I even almost forgot that I was supposed to be in hiding. I kept telling myself that none of the Denver wolves would be here, lycanthropes avoided crowds like this and the vampires didn't hang out here. I'd be fine, just fine. I didn't wilt in the middle of the crowd. I felt on top of the world.

We collected our tickets from Will Call, were ushered to our seats, and settled in as the orchestra was tuning up. The lights went down, the conductor appeared, and the orchestra launched into an overture.

Then she appeared, entering stage right.

Mercedes Cook had ivory skin and brick red hair, the rich color and sheen of silk, rippling past her shoulders. A midnight blue, shimmering gown clung to her slim figure. Her limbs were slender, her face aristocratic, like that of a Greek statue. I couldn't tell her height from where we sat, about halfway back in the orchestra section. She seemed to fill the stage. She seemed bigger than life.

I was close enough that the hall's air-conditioning system carried her scent to me—the cold, clean scent of a vampire. If I hadn't been warned, I'd have been shocked. She moved with such energy, such vibrancy. A consummate performer, she had a spark in her gaze.

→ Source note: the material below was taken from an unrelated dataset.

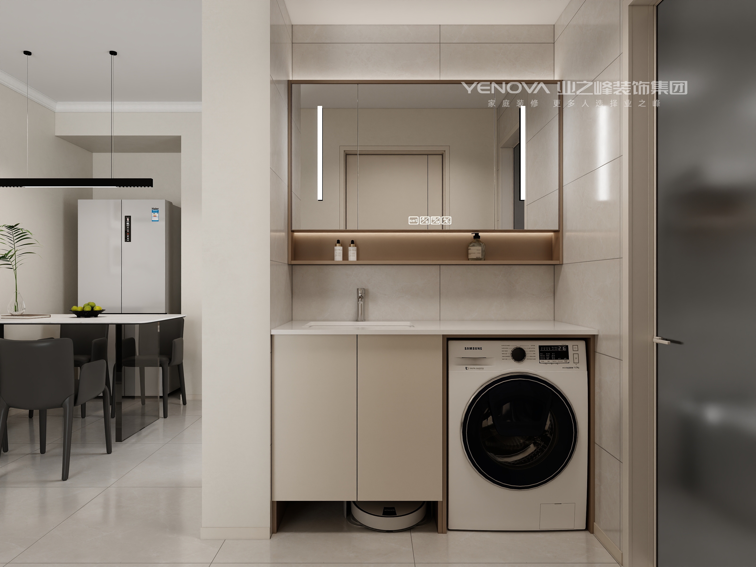 - 功能巧思:隐藏式收纳(柜门无把手设计)、嵌入式家电(冰箱、洗衣机)、灵活置物(墙面层板),既保持了视觉整洁,又兼顾了日常实用需求。

I could guess her story: she'd always aspired to the stage. A talented performer, vampirism wasn't going to halt her ambitions. Maybe she even sought out the vampirism, or encountered the opportunity and grabbed it as a chance to hold on to that elusive advantage of youth and beauty. She'd been on stage since the sixties, when her official biography set the start of her career. Maybe she'd even been around longer, a vaudeville performer or singer in the twenties and thirties who disappeared and changed her identity to start a career on Broadway. That would take a bit of research and digging. I was hoping I could get the scoop from Mercedes herself.